ACTIVITY:
Entries below include pictures. Output exactly the lines from the one with "❷ チップトップ マホガニー" down to the one with "大きなせんべいも賞品です", both ends included, and leave the pictures out.

ENTRIES PROVIDED:
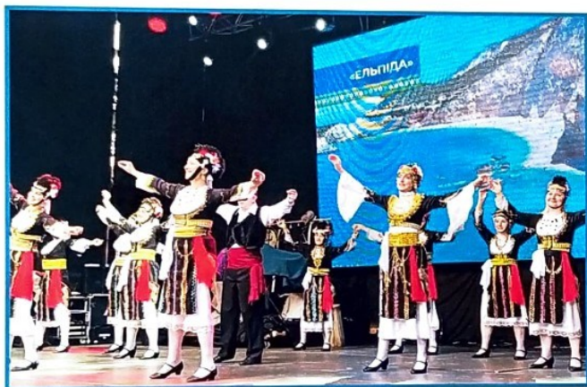
Ελληνικός χορός, Οδησός
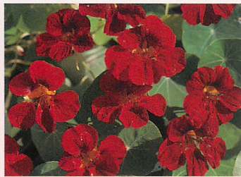
❷ チップトップ マホガニー
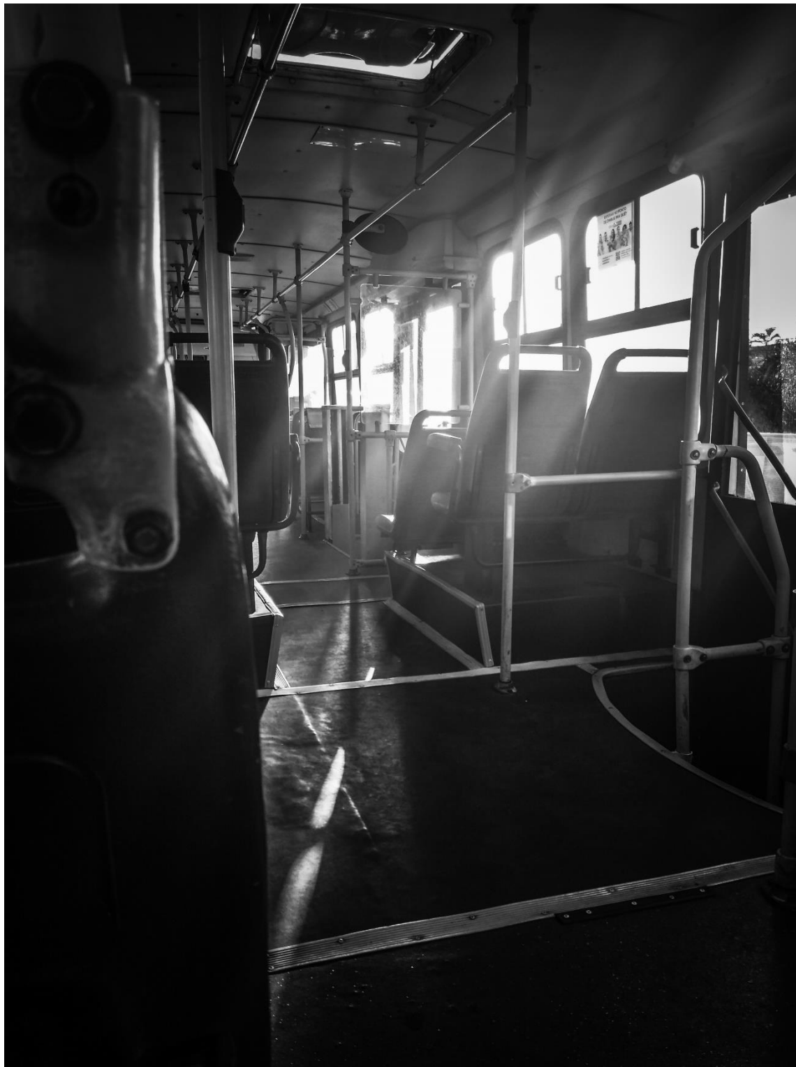
Figura 9 – Catedrais Cotidianas (2022)
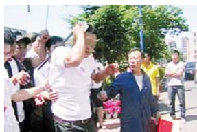
升旗杆铁钩钩住老师头部

事情发生在 6 月 22 日，吉林省第二实验学校按照规定，该校体育老师组织学生举行升旗仪式。升旗过程中，移动杆突然坠落，一根长约 1.5 米的移动杆的铁钩钩住了他的头部，钩入部分约有 5 厘米。由于杆长，救援官兵先用断电剪将铁钩以下的移动杆固定住，然后用液压剪将其余部分剪掉，后送往医院。
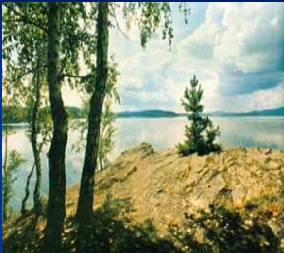
Ильменский заповедник Озеро Большое Миассово
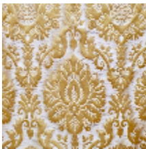
1701-02 CAMMINO - OR
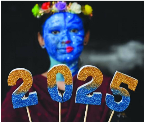
నూతన సంవత్సర వేడుకల సందర్భంగా చెన్నై శ్రీ కన్యకా పరమేశ్వరి ఆర్ట్స్ అండ్ సైన్స్ కళాశాలలో విద్యార్థినులకు శనివారం సామాజిక సందేశంతో కూడిన ఫేస్ పెయింటింగ్ పోటీలు నిర్వహించారు. -విల్లివాకం న్యూస్
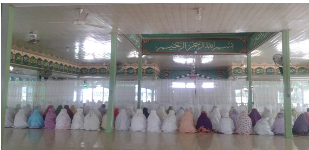
Pelaksanaan shalat Dhuha
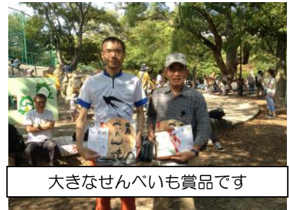
大きなせんべいも賞品です

続いて、10分後に他のクラスがスタートなのですが、スタートをする前に、トップの人が地図交換に来てしまいました。
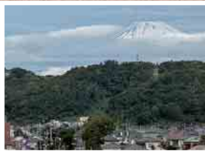
●梅雨空を突いて 6/8 国府本郷 (☒)
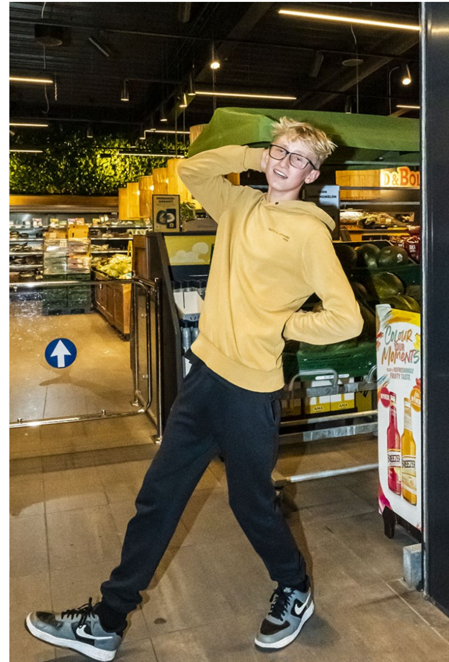
Netto lige før lukketid, Hornbæk Kl. 21.21
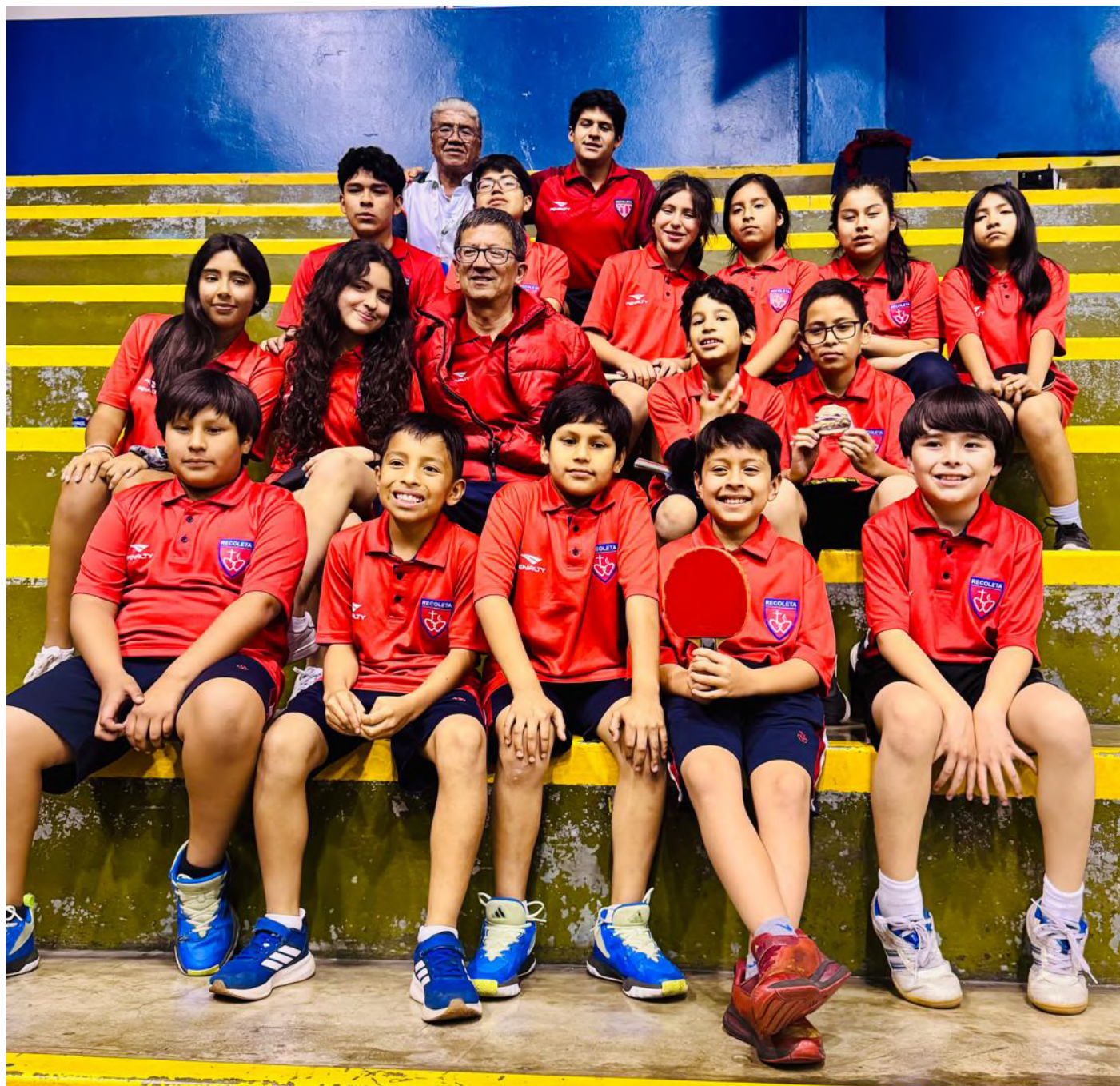
SELECCIÓN DE TENIS DE MESA - ADECORE 2025

Les deseamos muchos éxitos y los felicitamos por defender con orgullo nuestros colores. Este sábado 27 de septiembre en la tarde concluye el torneo. ¡Vamos Reco!
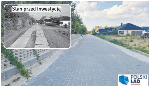
Część ul. OGRODOWEJ zyskała nowy asfalt, a na części ułożono kostkę brukową. To dojazdu do posesji oraz do ROD RELAKS Łęczna. Działkowcy zyskali zmodernizowany parking.

SOLUTION TO THE EXERCISE:
❷ チップトップ マホガニー
Figura 9 – Catedrais Cotidianas (2022)
升旗杆铁钩钩住老师头部

事情发生在 6 月 22 日，吉林省第二实验学校按照规定，该校体育老师组织学生举行升旗仪式。升旗过程中，移动杆突然坠落，一根长约 1.5 米的移动杆的铁钩钩住了他的头部，钩入部分约有 5 厘米。由于杆长，救援官兵先用断电剪将铁钩以下的移动杆固定住，然后用液压剪将其余部分剪掉，后送往医院。
Ильменский заповедник Озеро Большое Миассово
1701-02 CAMMINO - OR
నూతన సంవత్సర వేడుకల సందర్భంగా చెన్నై శ్రీ కన్యకా పరమేశ్వరి ఆర్ట్స్ అండ్ సైన్స్ కళాశాలలో విద్యార్థినులకు శనివారం సామాజిక సందేశంతో కూడిన ఫేస్ పెయింటింగ్ పోటీలు నిర్వహించారు. -విల్లివాకం న్యూస్
Pelaksanaan shalat Dhuha
大きなせんべいも賞品です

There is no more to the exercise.